A yellow bankruptcy is not final, but more likely without union support
Yellow has faced potential ruin several times over the past 15 years. The most drastic was in 2009, when the company managed to convert nearly $500 million of debt into equity. The Securities and Exchange Commission approved the debt-for-stock swap, and the Teamsters also helped push lenders to convert their debt.
During the Great Recession, the Teamsters gave Yellow a 15% pay cut and agreed to waive pension contributions for five years. These wage concessions were extended in the 2014 contract to keep Yellow in business.
Employees represented by the Teamsters at Yellow got an 18% wage increase in their 2019 contract, which is still in effect today.
Support from the Teamsters and the federal government was also essential for the company’s $700 million US Treasury loan in 2020. Today, Yellow no longer appears to have that union and government support, making the company more exposed to bankruptcy.
The Teamsters said in a fact sheet that Yellow was “reaping the benefits of billions of dollars in wage, pension and work rule concessions” dating back to 2010. A Yellow spokesperson previously told FreightWaves that Yellow employees would receive a $1.77 hourly wage increase if Teamsters approved the network changes.
Neither Jindel nor Chan believe the federal government will step in to bail out Yellow, nor has the trucking company asked. Yellow wrote a letter to the White House on June 30 asking President Joe Biden to bring the Teamsters to the negotiating table.

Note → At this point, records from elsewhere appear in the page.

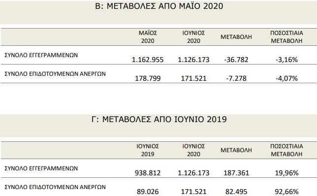 Αναλυτικότερα, σύμφωνα με τα στατιστικά στοιχεία του Οργανισμού Απασχόλησης Εργατικού Δυναμικού (ΟΑΕΔ), το σύνολο των εγγεγραμμένων ανέργων, με κριτήριο την αναζήτηση εργασίας (αναζητούντων εργασία), τον Ιούνιο του 2020, ανήλθε σε 1.068.856 άτομα. Από αυτά, 536.144 (ποσοστό 50,16%) είναι εγγεγραμμένα στο μητρώο του ΟΑΕΔ για χρονικό διάστημα ίσο ή και περισσότερο των 12 μηνών και 532.712 (ποσοστό 49,84%) είναι εγγεγραμμένα στο μητρώο του ΟΑΕΔ για χρονικό διάστημα μικρότερο των 12 μηνών. Οι άνδρες ανήλθαν σε 391.401 (ποσοστό 36,62%) και οι γυναίκες ανήλθαν σε 677.455 (ποσοστό 63,38%).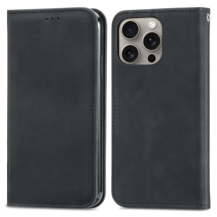 Funda de Cuero con Tapa Magnética y Tacto Retro para iPhone 16 Pro (Negra)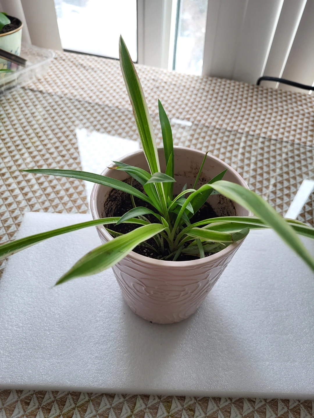 A healthy spider plant with striped leaves, potted in a textured pink ceramic pot. It's a lovely houseplant that's easy to care for. These plants are known for their air-purifying qualities.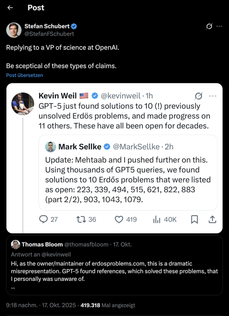 Im Anschluss behauptete der Produktmanager von OpenAI, Kevin Weil, dass GPT 5 „10 offene Paul-Erdős-Probleme gelöst“ und bei weiteren 11 signifikante Fortschritte erzielt habe.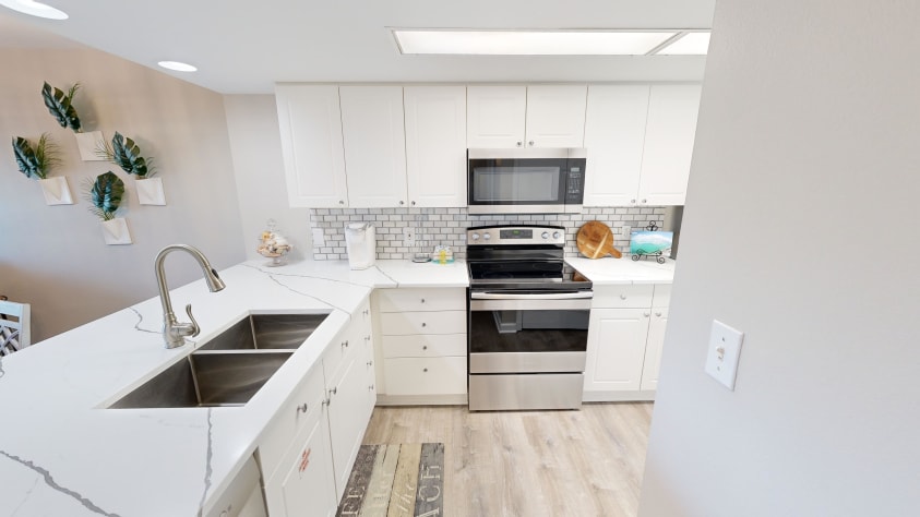When you open the door you’re greeted by the open floor plan of this coastal retreat. The kitchen is spacious and has the cookware, bakeware, and utensils you’ll need to cook a feast for the family. The owner has even supplied a crockpot, so you can have a warm ready to eat dinner after spending a day at either the indoor or outdoor pool. Adjacent to the kitchen is a washer and dryer so you don’t have to worry about packing your whole closet for your getaway.

“O’Brien has a point — the Yellow Teamsters have gradually and steadily given up on a lot,” Chan said. “At some point, it has to stop. But is a full stop the answer? It’s probably not the one that ultimately works in the best interest of the members.
It’s a question many in the trucking industry are asking: is imperfect union work better than no union work? Dictor recommended redesigning the query.

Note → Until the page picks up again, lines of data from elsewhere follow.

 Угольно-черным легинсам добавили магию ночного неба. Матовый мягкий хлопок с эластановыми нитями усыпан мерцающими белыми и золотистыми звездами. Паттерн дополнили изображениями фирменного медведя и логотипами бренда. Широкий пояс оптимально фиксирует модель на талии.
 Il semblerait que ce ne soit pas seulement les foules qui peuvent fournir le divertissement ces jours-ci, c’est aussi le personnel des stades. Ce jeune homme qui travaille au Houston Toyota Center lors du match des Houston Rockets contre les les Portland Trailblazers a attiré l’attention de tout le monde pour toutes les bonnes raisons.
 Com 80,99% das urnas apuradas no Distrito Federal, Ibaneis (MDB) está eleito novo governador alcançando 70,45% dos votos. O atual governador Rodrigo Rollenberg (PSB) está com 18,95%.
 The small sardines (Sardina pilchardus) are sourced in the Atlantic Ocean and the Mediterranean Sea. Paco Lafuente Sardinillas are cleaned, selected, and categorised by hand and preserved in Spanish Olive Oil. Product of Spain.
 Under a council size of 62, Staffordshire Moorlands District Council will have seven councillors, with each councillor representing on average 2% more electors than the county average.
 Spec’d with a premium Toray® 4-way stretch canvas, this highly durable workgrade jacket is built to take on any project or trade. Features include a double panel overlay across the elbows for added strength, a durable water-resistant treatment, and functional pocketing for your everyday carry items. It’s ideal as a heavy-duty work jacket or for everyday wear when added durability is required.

“It’s like telling you that the only way for Yellow to stay in business is if you don’t have brake pads,” Dictor said. “If they couldn’t have these things, should we give up all these trucking jobs just because they couldn’t operate safely? We would say no, obviously we need trucks on the road that work safely. It’s for us, it’s for the good of everyone else; there are some fees.

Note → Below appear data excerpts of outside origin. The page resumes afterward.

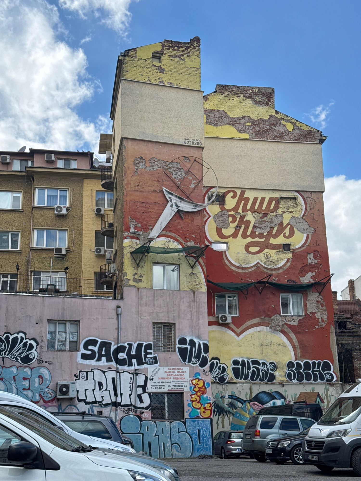 The image shows a colorful, dilapidated building in Sofia, Bulgaria. The building has several floors and is made of brick and concrete. The walls are covered in peeling paint, graffiti, and advertisem…read more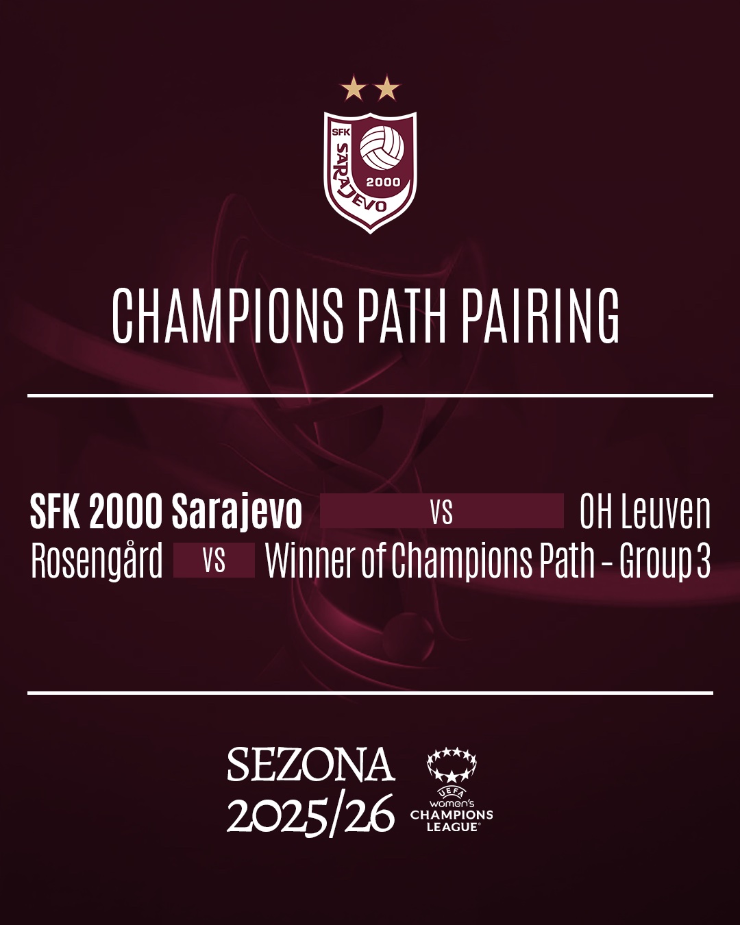 Na žrijebu održanom u sjedištu UEFA-e u Nyonu, klub iz Sarajeva saznao je protivnike u okviru prve runde kvalifikacija – Grupa 3 UEFA Women’s Champions League. U polufinalu mini-turnira, SFK 2000 Sarajevo će odmjeriti snage s belgijskim predstavnikom OH Leuven, dok drugi polufinalni par čine švedski Rosengård i pobjednik iz prve runde Champions Path – Grupa 3.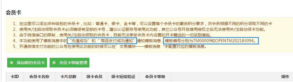 1、首先在功能模块中找到功能里所提供的模板编号,这里以会员卡功能为例,如下图所示记录好模板的编号。如果在功能页面没有提示模板编号,则说明当前功能无模板消息发送通知。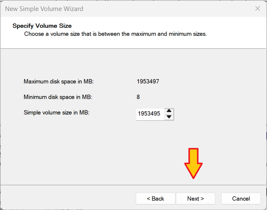 When you come to the Volume Size screen, it will be automatically set to the maximum megabyte size of your SSD and you don’t have to change it, simply select ‘Next’.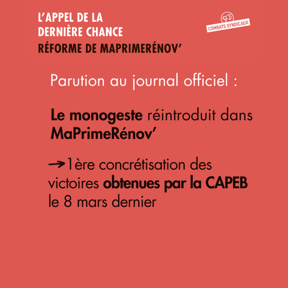 Cette publication au Journal Officiel est une première concrétisation des victoires obtenues par la CAPEB le 8 mars dernier.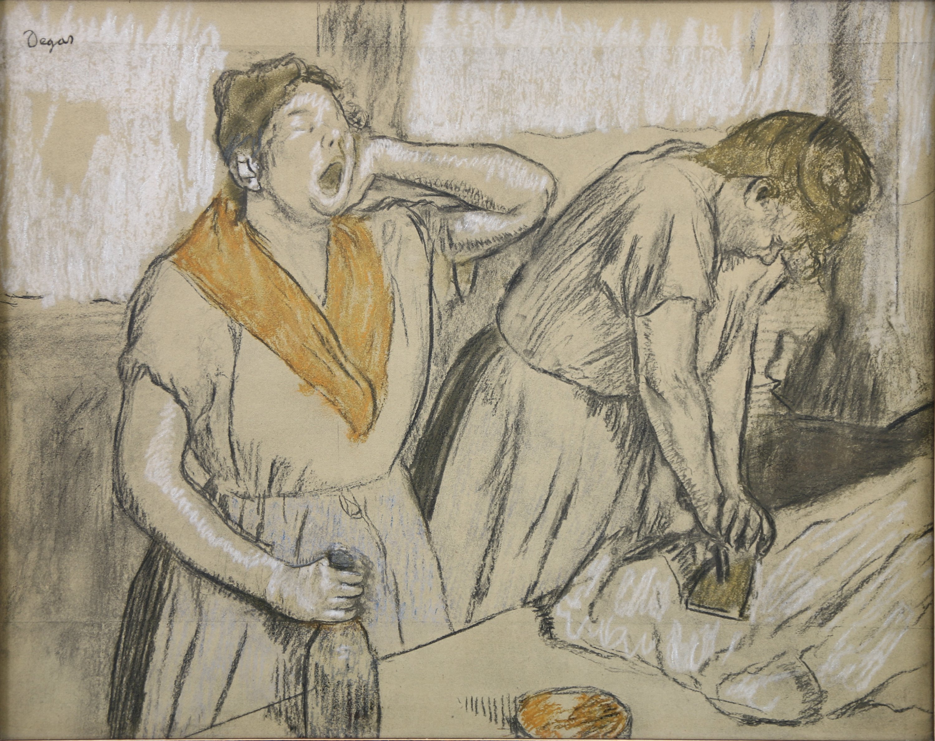 Joint : d'après Edgar Degas (Français, 1834-1917), Les repasseuses, entre 1884-86, Lithographie réhaussée, Haut. 31 Larg. 39 cm. L'oeuvre originale est conservée au musée de l'Orangerie, Paris (n° RF1985).

“If that’s what brake pads cost, that’s what brake pads cost,” he added. “And if you can’t afford the brake pad, you know, get the f— out of the industry. The same is true for work. We need to stop thinking about work as something on which there could be a compromise. … If you can’t afford the labor at a cost that allows these human beings driving these trucks to live a life where they can enjoy their families and their lives in out of work and be human beings, so get the hell out of the trucking company.